◆ WHAT YOU SHOULD DO
Your copy should begin with the line containing "В субботу, 31", end with the line containing "张柏芝有一次的演唱会可以说是", match the listing below exactly, and contain no pictures.
SUPPLIED DATA START
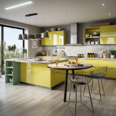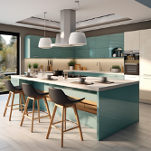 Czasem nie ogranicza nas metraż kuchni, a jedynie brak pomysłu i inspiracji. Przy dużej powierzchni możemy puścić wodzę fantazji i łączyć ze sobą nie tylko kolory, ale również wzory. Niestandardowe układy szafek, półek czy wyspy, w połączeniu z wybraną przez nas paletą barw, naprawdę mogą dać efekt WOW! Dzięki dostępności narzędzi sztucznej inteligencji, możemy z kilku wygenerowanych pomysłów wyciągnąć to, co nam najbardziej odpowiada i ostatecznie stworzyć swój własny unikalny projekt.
SUPPLIED DATA END
SUPPLIED DATA START
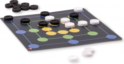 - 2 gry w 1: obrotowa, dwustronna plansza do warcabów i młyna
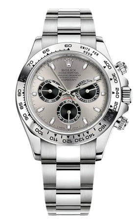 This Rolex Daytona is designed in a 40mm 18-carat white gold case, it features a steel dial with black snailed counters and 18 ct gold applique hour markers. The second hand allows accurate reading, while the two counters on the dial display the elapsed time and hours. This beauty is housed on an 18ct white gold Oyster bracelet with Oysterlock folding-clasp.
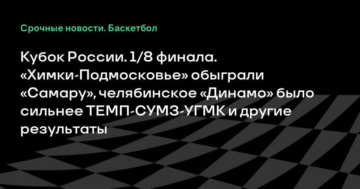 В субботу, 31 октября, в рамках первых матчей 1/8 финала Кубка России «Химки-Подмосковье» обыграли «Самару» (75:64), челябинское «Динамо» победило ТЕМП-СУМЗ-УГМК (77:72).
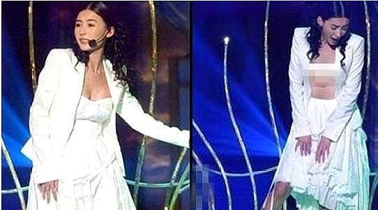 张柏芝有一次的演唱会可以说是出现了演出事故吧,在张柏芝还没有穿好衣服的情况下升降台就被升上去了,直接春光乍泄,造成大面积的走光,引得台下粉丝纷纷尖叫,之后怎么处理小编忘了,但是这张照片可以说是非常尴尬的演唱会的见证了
SUPPLIED DATA END
SUPPLIED DATA START
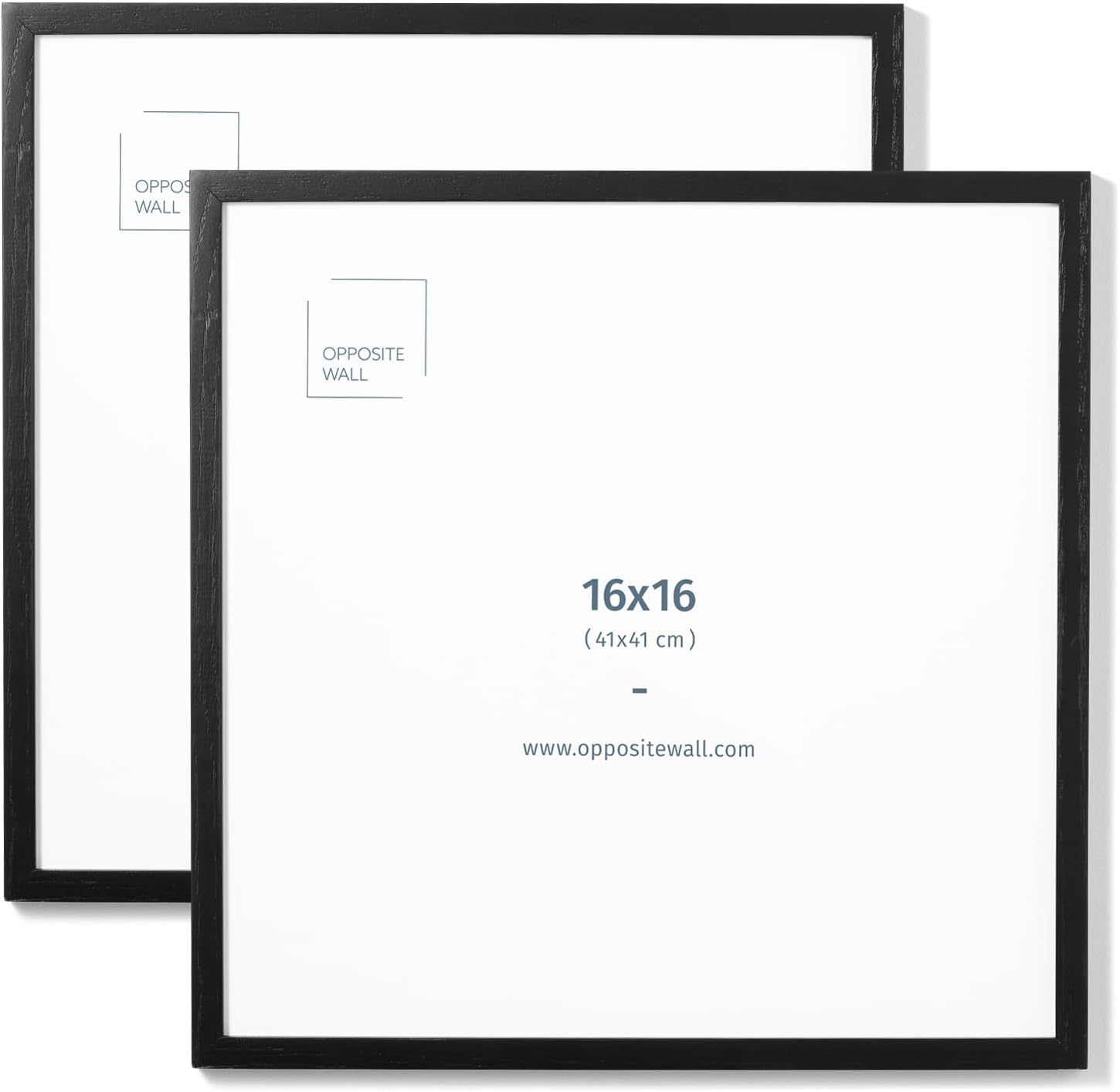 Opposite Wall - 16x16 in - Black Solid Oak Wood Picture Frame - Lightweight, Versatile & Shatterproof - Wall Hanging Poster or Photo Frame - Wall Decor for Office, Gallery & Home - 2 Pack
SUPPLIED DATA END
◆ THE COMPLETED TASK
 В субботу, 31 октября, в рамках первых матчей 1/8 финала Кубка России «Химки-Подмосковье» обыграли «Самару» (75:64), челябинское «Динамо» победило ТЕМП-СУМЗ-УГМК (77:72).
 张柏芝有一次的演唱会可以说是出现了演出事故吧,在张柏芝还没有穿好衣服的情况下升降台就被升上去了,直接春光乍泄,造成大面积的走光,引得台下粉丝纷纷尖叫,之后怎么处理小编忘了,但是这张照片可以说是非常尴尬的演唱会的见证了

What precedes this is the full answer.